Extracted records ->

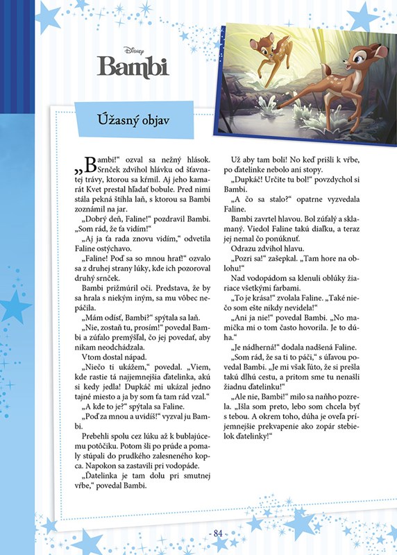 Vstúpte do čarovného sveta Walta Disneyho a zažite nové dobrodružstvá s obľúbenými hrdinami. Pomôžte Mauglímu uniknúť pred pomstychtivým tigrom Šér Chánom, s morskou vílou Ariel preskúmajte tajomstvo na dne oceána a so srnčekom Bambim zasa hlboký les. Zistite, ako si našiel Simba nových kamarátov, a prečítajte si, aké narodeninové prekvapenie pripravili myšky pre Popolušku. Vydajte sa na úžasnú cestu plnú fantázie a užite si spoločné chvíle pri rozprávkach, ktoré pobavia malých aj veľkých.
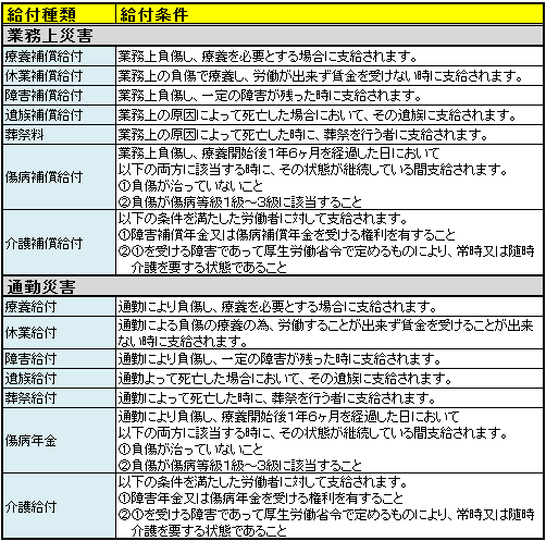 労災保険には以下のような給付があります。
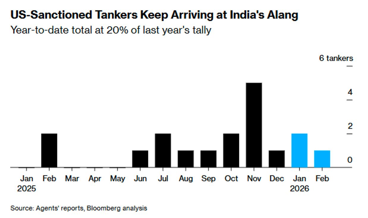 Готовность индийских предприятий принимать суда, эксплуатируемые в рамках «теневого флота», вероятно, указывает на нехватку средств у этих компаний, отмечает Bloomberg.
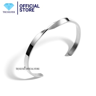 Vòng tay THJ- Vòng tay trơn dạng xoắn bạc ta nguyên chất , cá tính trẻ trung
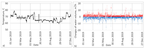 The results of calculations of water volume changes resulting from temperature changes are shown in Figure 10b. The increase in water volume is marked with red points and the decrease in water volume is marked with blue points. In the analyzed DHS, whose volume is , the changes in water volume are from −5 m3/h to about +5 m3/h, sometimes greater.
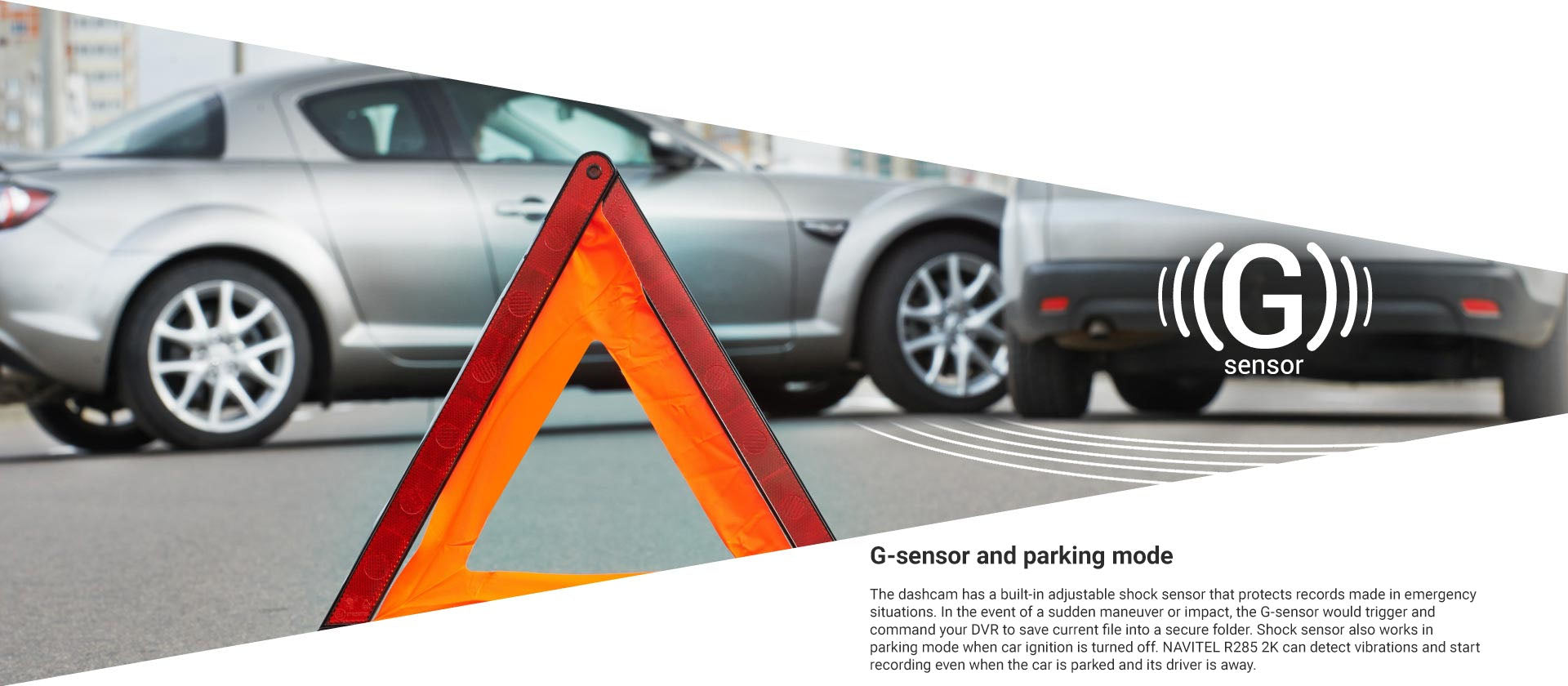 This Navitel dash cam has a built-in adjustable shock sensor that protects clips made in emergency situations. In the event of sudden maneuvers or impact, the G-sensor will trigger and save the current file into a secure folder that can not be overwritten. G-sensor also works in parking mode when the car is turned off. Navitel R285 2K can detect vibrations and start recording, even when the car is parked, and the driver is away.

Task brief -> Set down exactly and only the lines from the line that contains "Vòng tay THJ- Vòng" through the last line of the entries above, with both of those lines included and the pictures left out.

Expected output ->
 Vòng tay THJ- Vòng tay trơn dạng xoắn bạc ta nguyên chất , cá tính trẻ trung
 The results of calculations of water volume changes resulting from temperature changes are shown in Figure 10b. The increase in water volume is marked with red points and the decrease in water volume is marked with blue points. In the analyzed DHS, whose volume is , the changes in water volume are from −5 m3/h to about +5 m3/h, sometimes greater.
 This Navitel dash cam has a built-in adjustable shock sensor that protects clips made in emergency situations. In the event of sudden maneuvers or impact, the G-sensor will trigger and save the current file into a secure folder that can not be overwritten. G-sensor also works in parking mode when the car is turned off. Navitel R285 2K can detect vibrations and start recording, even when the car is parked, and the driver is away.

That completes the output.